◆ **SUPPLIED DATA**
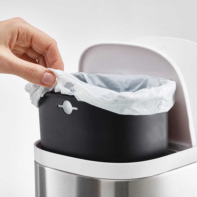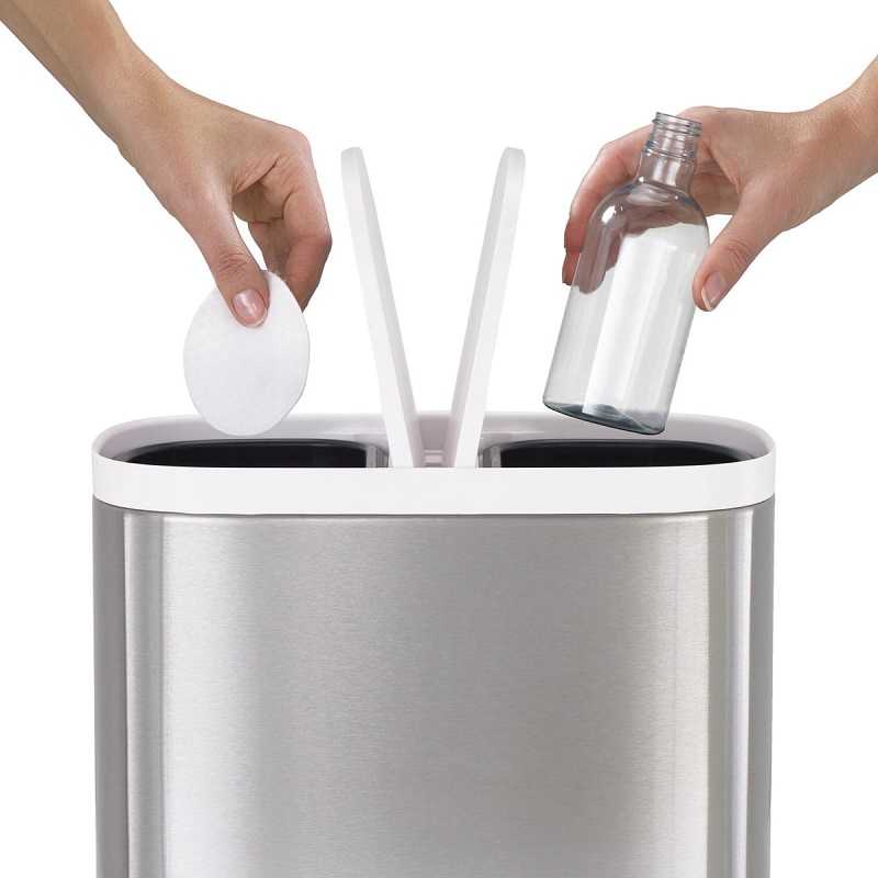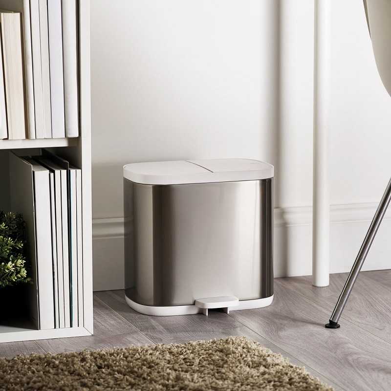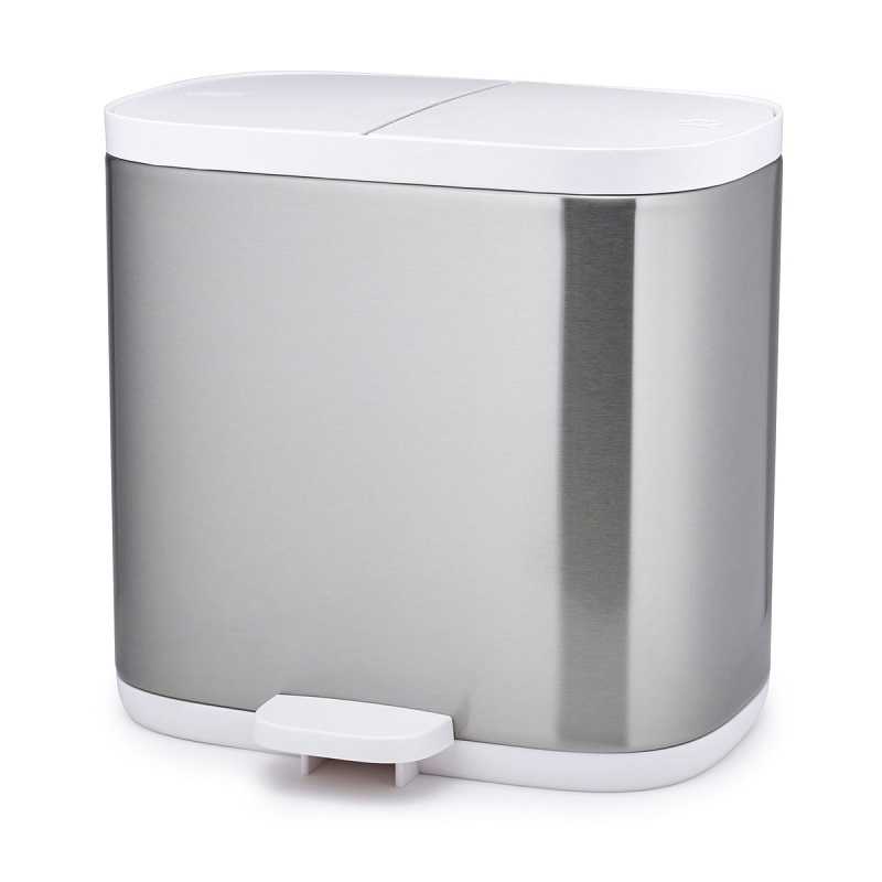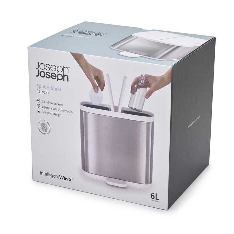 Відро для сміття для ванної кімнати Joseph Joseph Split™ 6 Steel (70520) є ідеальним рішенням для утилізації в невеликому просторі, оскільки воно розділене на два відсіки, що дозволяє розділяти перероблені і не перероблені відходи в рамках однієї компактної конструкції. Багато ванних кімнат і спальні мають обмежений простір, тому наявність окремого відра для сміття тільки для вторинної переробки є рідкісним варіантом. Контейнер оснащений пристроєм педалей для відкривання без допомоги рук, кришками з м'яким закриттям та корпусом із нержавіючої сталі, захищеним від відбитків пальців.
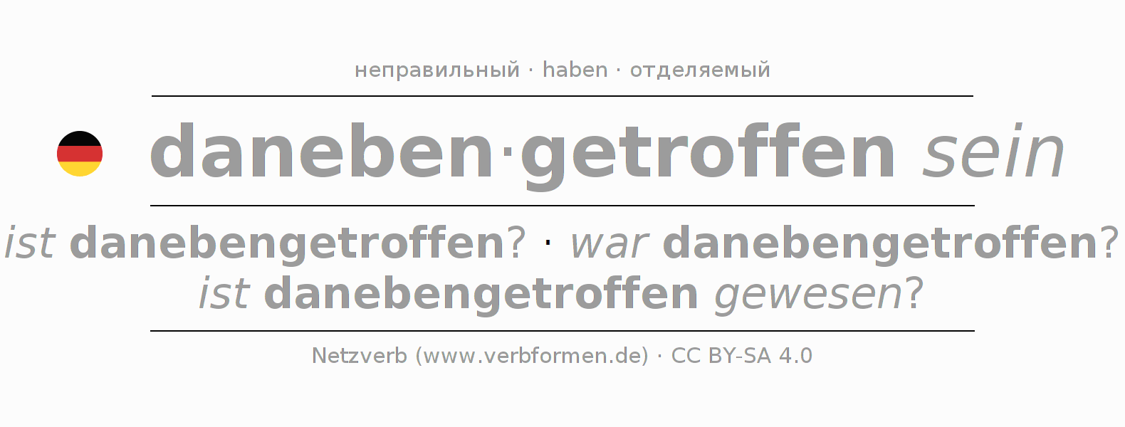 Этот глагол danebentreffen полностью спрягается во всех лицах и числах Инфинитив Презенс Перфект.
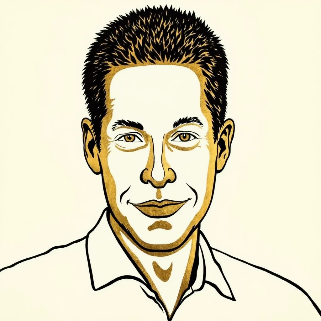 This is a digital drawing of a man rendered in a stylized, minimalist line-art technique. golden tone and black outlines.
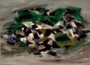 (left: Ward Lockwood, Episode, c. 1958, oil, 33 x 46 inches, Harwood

◆ **WHAT TO PRODUCE**
What is needed is an exact repetition of every line from the line with "Этот глагол danebentreffen" to the end of the data above, both ends included, with no pictures.

◆ **RESPONSE**
 Этот глагол danebentreffen полностью спрягается во всех лицах и числах Инфинитив Презенс Перфект.
 This is a digital drawing of a man rendered in a stylized, minimalist line-art technique. golden tone and black outlines.
 (left: Ward Lockwood, Episode, c. 1958, oil, 33 x 46 inches, Harwood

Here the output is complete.